The uncomfortable truth? The wider international political system is reconfiguring itself. Over the past 25 years, the concept of the independent and sovereign nation-state has come under pressure from forces of economic and political integration. That integrationist theme has been a particularly pronounced one in Europe, where governments have given up core symbols of national sovereignty, such as their national currencies, in order to allow goods and services, capital, and labor markets to effectively allocate scarce resources. In return, European citizens expected jobs, rising incomes, and an improvement in their living standards.
The Brexit vote reveals that Europe has failed to convince British voters that the integrationist agenda benefits them. Instead, voters in middle England sought to position the nation-state in the center of political discourse by advancing what could be called a disintegrationist agenda and strengthening the centrifugal forces of national politics. And what has come so forcefully to the fore in the U.K. is certainly an attitude that has begun to manifest itself elsewhere, too.
Sovereign wealth funds have benefited tremendously from global market integration. In the years since the global financial crisis, SWFs have expanded their role as important stakeholders in an ever-more-inclusive financial markets. By and large, they are now free to develop geographically diversified portfolios and invest wherever they identify commercially attractive opportunities.

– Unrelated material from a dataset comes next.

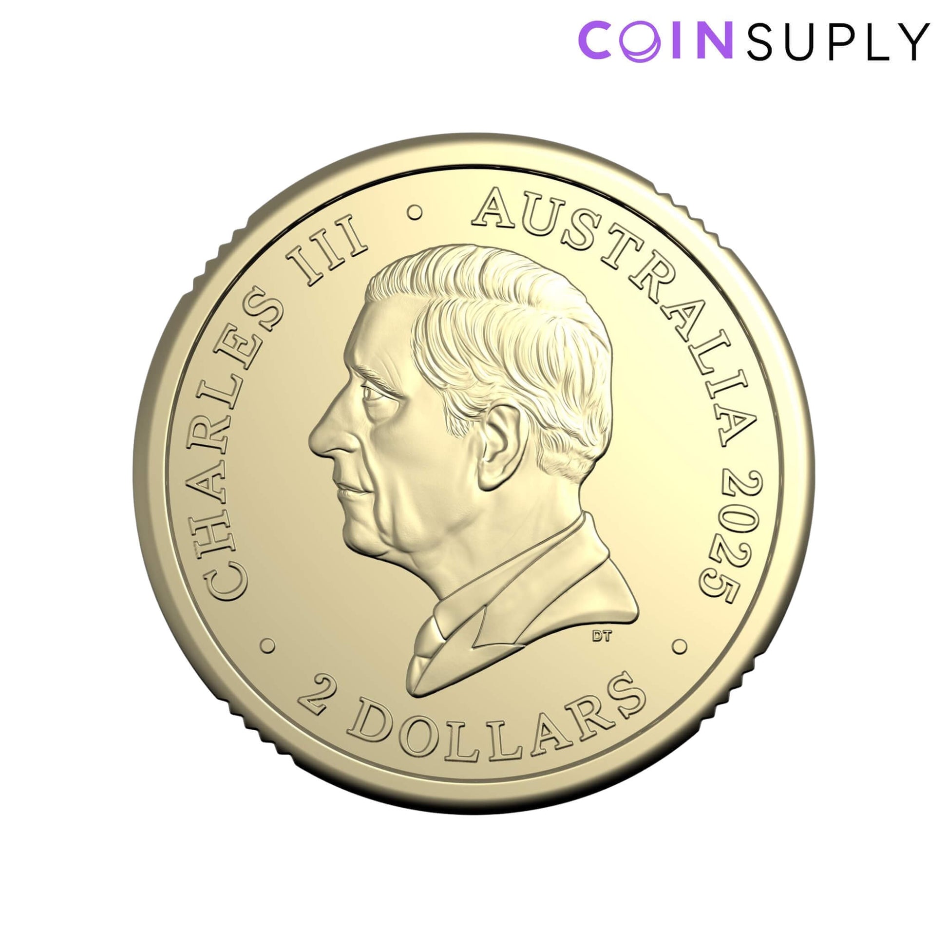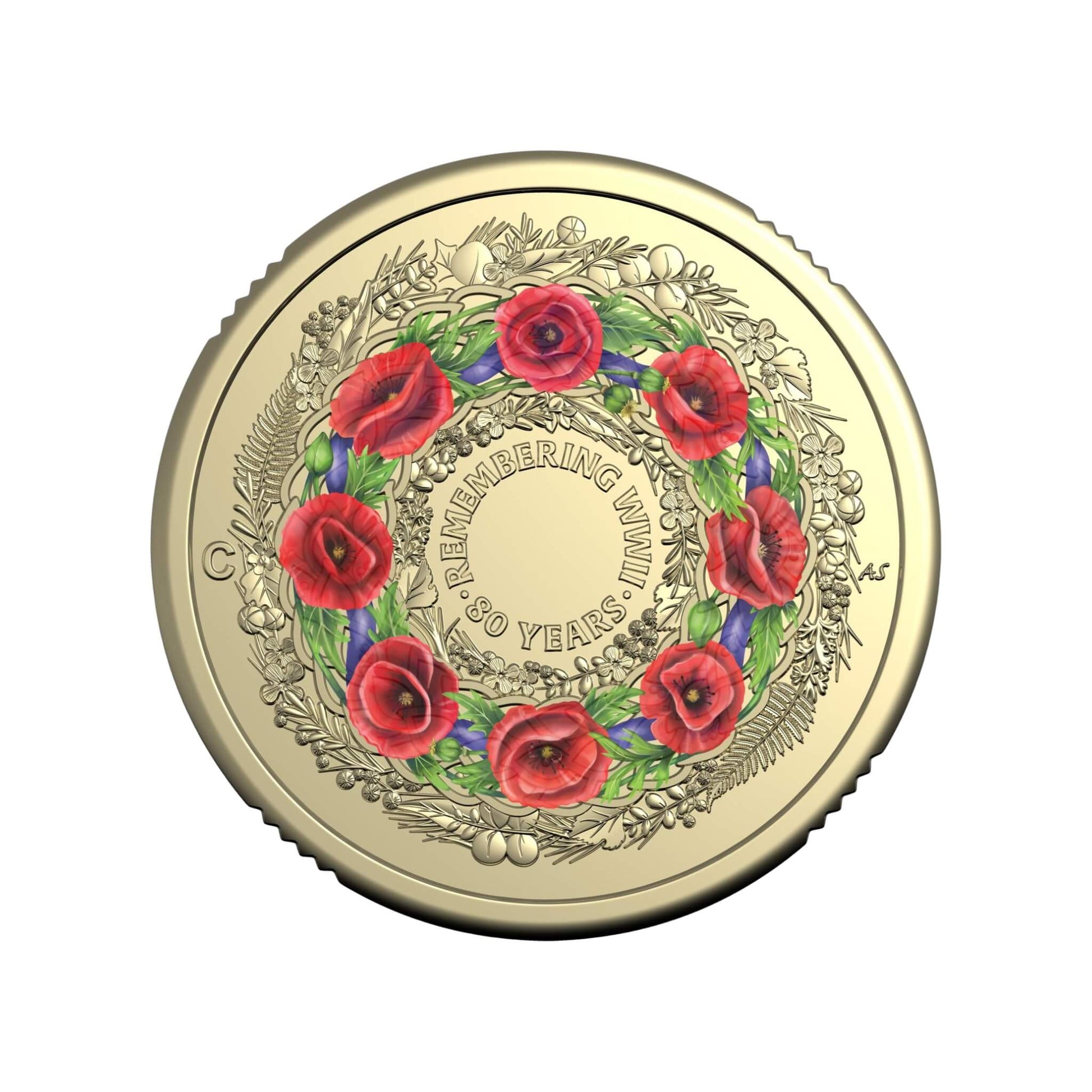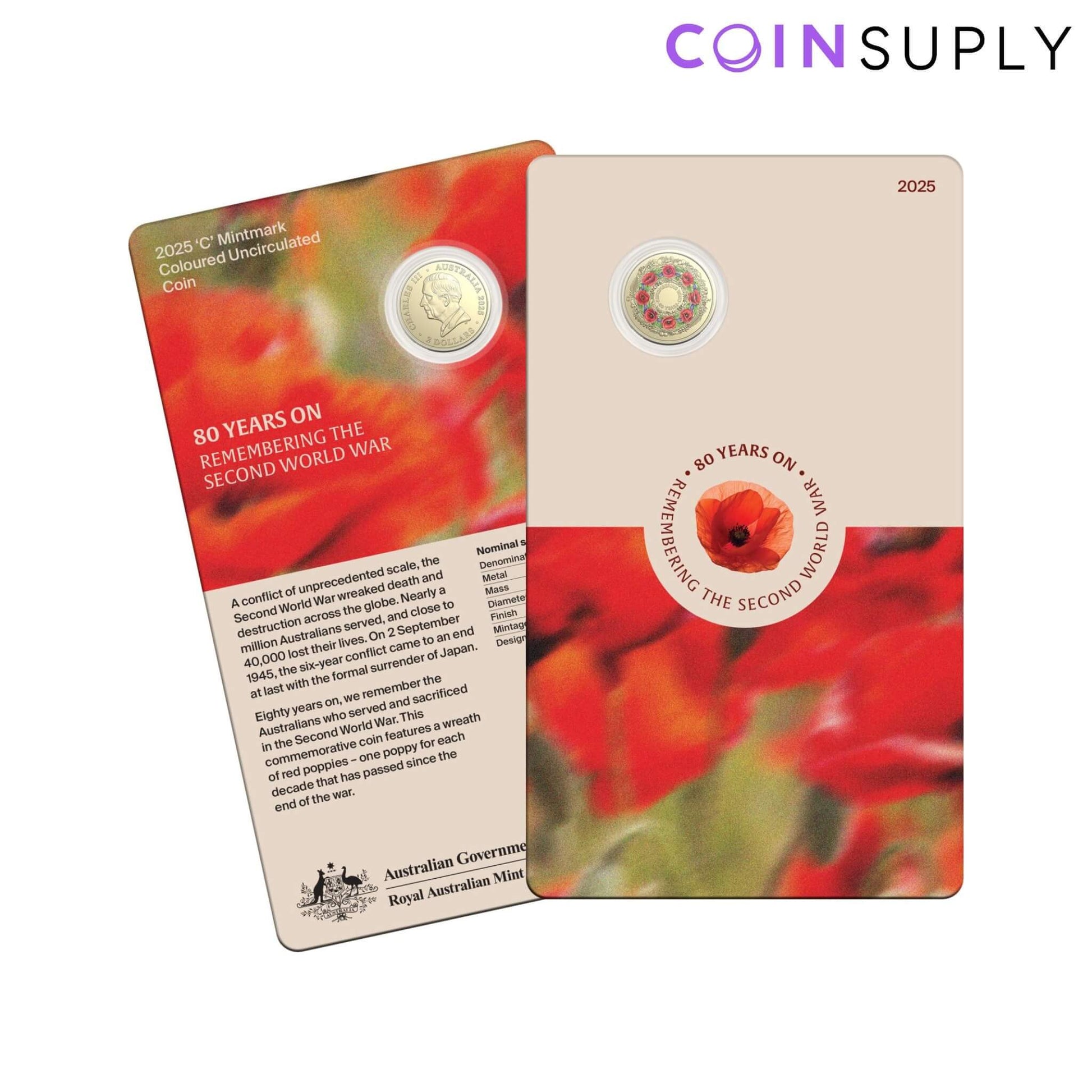 The First World War unfortunately did not turn out to be the 'war to end all wars'. Just over 20 years after it came to an end on 11 November 1918, another global conflict broke out. Nazi Germany's invasion of Poland on 1 September 1939 was the beginning of the Second World War - the deadliest and most destructive conflict in human history. The Second World War brought the threat of hostile foreign powers closer to home than ever. Darwin and other areas of northern Australia were bombed by Japanese forces in 1942 and 1943, with the first most damaging air raid in February 1942 killing over 250 civilians and service personnel. On 2 September 1945, the war came to an end at last with Japan's formal surrender, which followed Germany's surrender in May that year. Commemorating the eightieth anniversary of the end of the Second World War, the Royal Australian Mint presents this 2025 $2 'C' Mintmark Coloured Uncirculated Coin in a display card. The coin's reverse features a remembrance wreath, which comprises eight red poppies to represent the eight decades that have passed since the end of the war.

The Brexit vote and the prospect of the U.K. leaving the E.U. should therefore be of great concern to them, because it shakes one of the working assumptions on which the success of sovereign wealth management has been built. The coming battle between integrationist and centrifugal market forces leaves SWFs with their commercial interests and their political identity in a unique position.

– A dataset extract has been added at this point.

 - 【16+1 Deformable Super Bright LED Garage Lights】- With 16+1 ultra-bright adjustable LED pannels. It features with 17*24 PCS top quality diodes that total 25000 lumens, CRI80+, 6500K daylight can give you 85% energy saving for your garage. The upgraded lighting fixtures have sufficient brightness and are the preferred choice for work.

The fragmentation of the global investment space places a burden on all government investors with a global perspective to integrate political risks into their portfolio strategies and risk management analyses. Political risks have been at the periphery of many investors’ attention in the past, but they now move to the center — and will have to be more systematically identified, assessed, and dealt with.
In this regard, SWFs are no less challenged than other global investors. But then again, one could assume that they are particularly sensitive to political risks, given that SWFs’ ultimate owners are their own nation-states.
But SWFs should not only adapt to a new risk environment; they should also become more proactive in shaping it. With their growing influence in global financial affairs, they have an ability to contribute materially to any discussion about how the global financial marketplace is going to be structured. And given their interest in being able to diversify their portfolios geographically, they should have a distinct interest in making sure that that financial marketplace is an open and inclusive one. They already have the financial firepower to work towards such an outcome — now they just need political support at home to back up their efforts.
In March this year, Yngve Slyngstad, CEO of Norges Bank Investment Management, suggested that the prospect of Britain leaving the E.U. would not pose any significant risk. His argument seems easy to dismiss in hindsight. The challenge is now to think through Brexit’s consequences — and how the fragmenting international political system will impact SWFs in the long run, for that is the time horizon that they’re looking at.